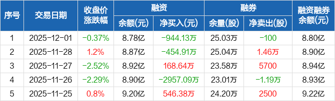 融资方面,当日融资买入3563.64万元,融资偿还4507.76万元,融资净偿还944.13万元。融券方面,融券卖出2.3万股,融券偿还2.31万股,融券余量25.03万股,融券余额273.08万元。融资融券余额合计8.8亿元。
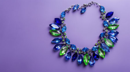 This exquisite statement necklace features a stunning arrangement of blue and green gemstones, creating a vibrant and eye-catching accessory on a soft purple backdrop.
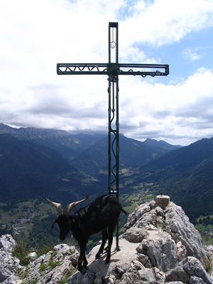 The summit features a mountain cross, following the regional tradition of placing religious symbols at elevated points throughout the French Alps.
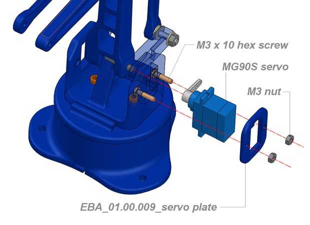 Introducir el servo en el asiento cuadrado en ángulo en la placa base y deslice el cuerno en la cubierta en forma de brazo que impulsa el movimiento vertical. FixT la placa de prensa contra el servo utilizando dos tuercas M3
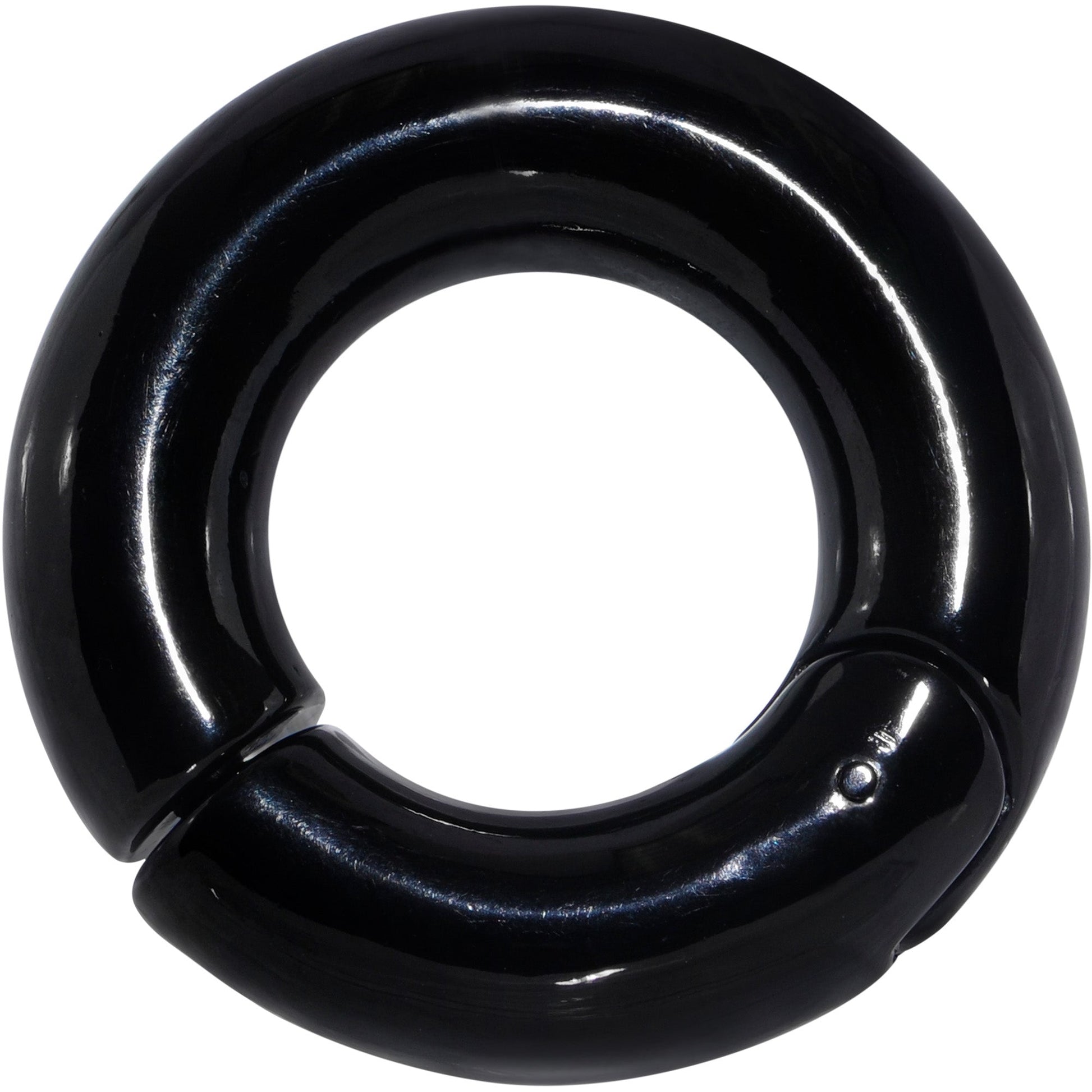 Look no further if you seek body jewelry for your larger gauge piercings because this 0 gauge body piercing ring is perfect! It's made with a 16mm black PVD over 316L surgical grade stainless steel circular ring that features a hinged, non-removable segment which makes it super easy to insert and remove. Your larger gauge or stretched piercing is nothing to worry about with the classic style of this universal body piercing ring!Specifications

» **Work task**:
Pictures stay out. Repeat only the lines from the beginning of the data through the line that has "This exquisite statement".

» **Written solution**:
 融资方面,当日融资买入3563.64万元,融资偿还4507.76万元,融资净偿还944.13万元。融券方面,融券卖出2.3万股,融券偿还2.31万股,融券余量25.03万股,融券余额273.08万元。融资融券余额合计8.8亿元。
 This exquisite statement necklace features a stunning arrangement of blue and green gemstones, creating a vibrant and eye-catching accessory on a soft purple backdrop.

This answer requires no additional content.